If we turn from implications for curriculum to implications for learning theory, a sociocultural approach requires that we ask ourselves some very tough questions about what kinds of personal identity and cultural values our science teaching accepts, respects, or is compatible with.

 Our goal is science for all, but what does this mean if our particular view of science is too aggressively masculine to sit well with many students’ identities? Too narrowly rationalistic to accomodate spiritual longings?  Too technicist, abstract, and formalist for a wide range of humanistic, esthetic, sensualist, and pragmatic  dispositions? Must all students love machines, numbers, predictability, and control to be welcome in our construction of what science must be? Do we have to continue to ignore the well-attested and documented (e.g. Wechsler 1977,  Tauber 1996, John-Steiner 1985) esthetic, intuitive, and emotional components of scientific creativity in our teaching methods?

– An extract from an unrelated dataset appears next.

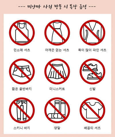 사원 복장 규정 참고 부탁드립니다. 사원에 입장 불가한 복장으로 오셔서 현장에서 입장 거부될 경우 책임지지 않습니다.
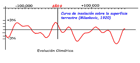 E. — Como nos suele suceder, pues nos conocemos hace tiempo, acabado yéndonos un poco por las ramas y se nos está acabando el tiempo. Pero no podemos terminar sin responder dos preguntas que consideramos esenciales. En primer lugar, si no es el CO2 el responsable del calentamiento global, ¿cuáles son las causas de los ciclos climáticos? Pues el factor fundamental es el calor que nos llega del Sol, que no es constante y está sujeto a muchas variaciones. Por lo tanto, son los parámetros que pueden modificar esa energía los que controlan el clima. En primer lugar, las variaciones de la órbita solar, que con ciclicidades de miles de años, tal y como fueron descritas en el siglo pasado por Milankovitch, cambian el ángulo de incidencia de la radiación respecto de la superficie de la Tierra, y por lo tanto, la cantidad de calor recibida por unidad de superficie.

 Science education research has embraced cognitive psychology with almost unseemly haste, but there is very little research on the affective response of students to our teaching, and on what exactly is happening as so many students get put off by our approach to science at just the age when they begin to consolidate their adult identities. Moreover, science education is increasingly a global enterprise, and even in one country, students today more and more often come from diverse cultural backgrounds. How welcoming is our received tradition of what science must be and how it must be taught of the beliefs and values of other, especially non-European cultures? Or even of non-middle class subcultures (cf. Heath, 1983)? How critically are we reflecting on the fact that our science education subculture’s acceptance of the current political movement toward more requirements and more high-stakes testing often appears to students as an essentially more coercive approach? Where is our ethical response as science educators to such issues? Where is our intellectual response as researchers to the problem of understanding the frequent conflicts between our view of science and our students’ views of themselves?